● Task objective: An exact copy is required of every line from the one with "Fig. 7. Camocio, SEBENICO" through the end of the data below, and the pictures must stay out of it.

BEGIN Recorded data

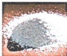
HIPOCLORITO DE CALCIO GRANULADO
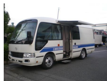
無医地区等への巡回診療
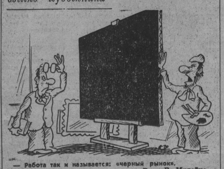
Работа так и называется: черный рынок. Рис. В. Милейко.
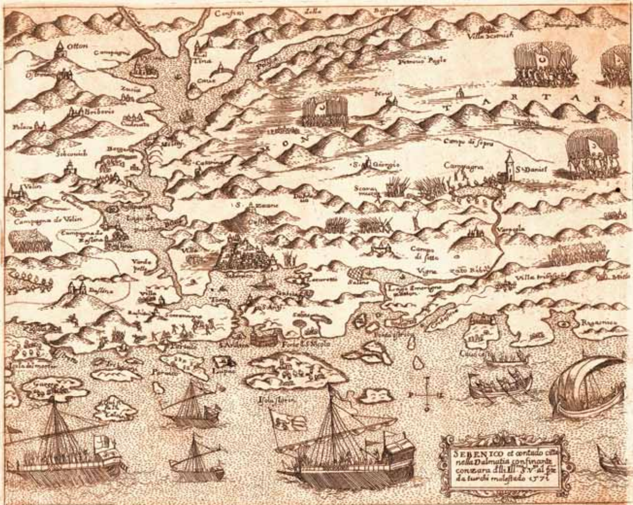
Fig. 7. Camocio, SEBENICO ET contado citta nella Dalmatia confina[n]te con Zarra d[el]li Ill[ustriss]mi S[igno]ri Ven[ezia]ni al p[rese]nte da Turchi molestado: 1571, ZN-I-XVI- CAM-1571-5
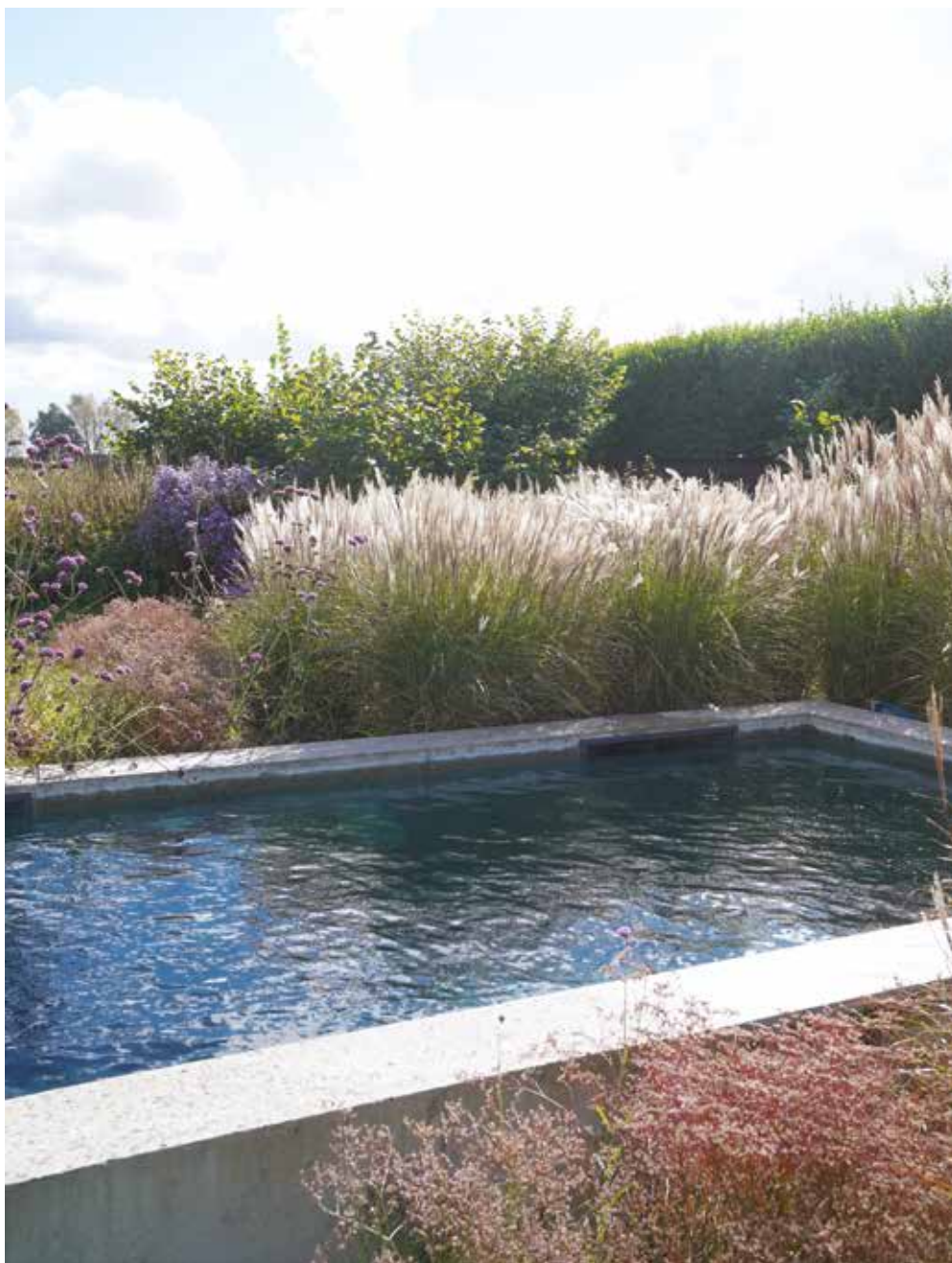
Suites 95, p. 165
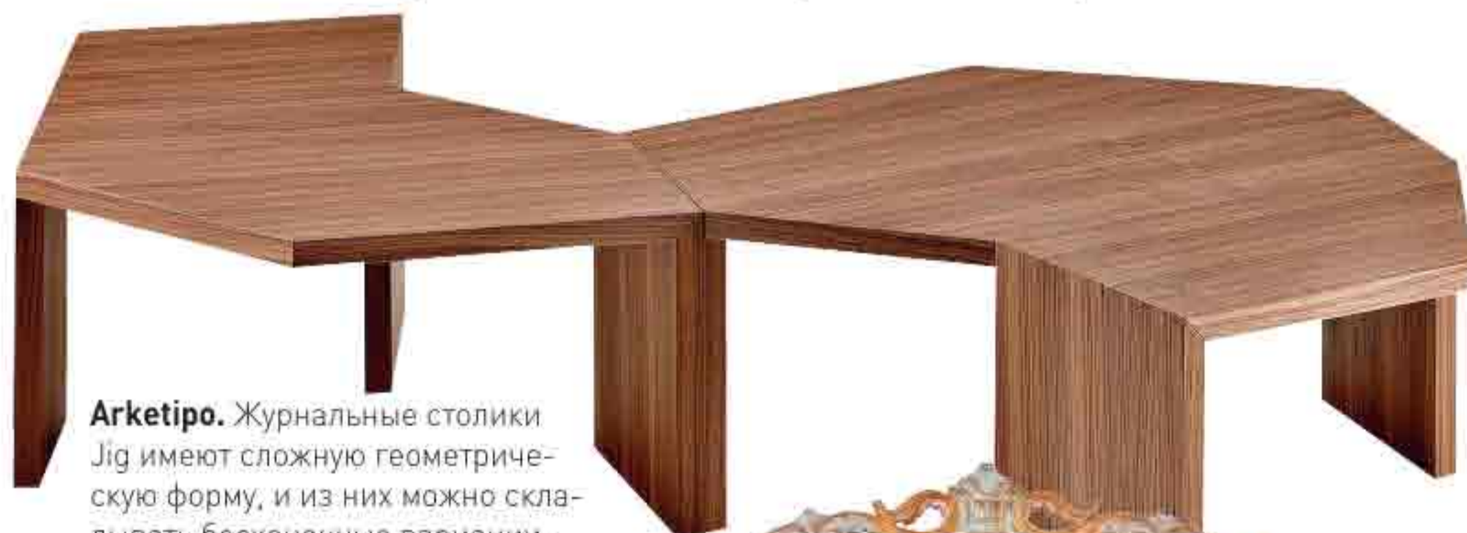
Arketipo. Журнальные столики Jig имеют сложную геометрическую форму, и из них можно складывать бесконечные вариации.

Каждый год в апреле в Милане проходит выставка iSaloni, где дизайнеры и мебельные фабрики представляют новинки. В нашем "отчете" — предметы, на которые стоит обратить внимание.

END Recorded data

● Solution below:
Fig. 7. Camocio, SEBENICO ET contado citta nella Dalmatia confina[n]te con Zarra d[el]li Ill[ustriss]mi S[igno]ri Ven[ezia]ni al p[rese]nte da Turchi molestado: 1571, ZN-I-XVI- CAM-1571-5
Suites 95, p. 165
Arketipo. Журнальные столики Jig имеют сложную геометрическую форму, и из них можно складывать бесконечные вариации.

Каждый год в апреле в Милане проходит выставка iSaloni, где дизайнеры и мебельные фабрики представляют новинки. В нашем "отчете" — предметы, на которые стоит обратить внимание.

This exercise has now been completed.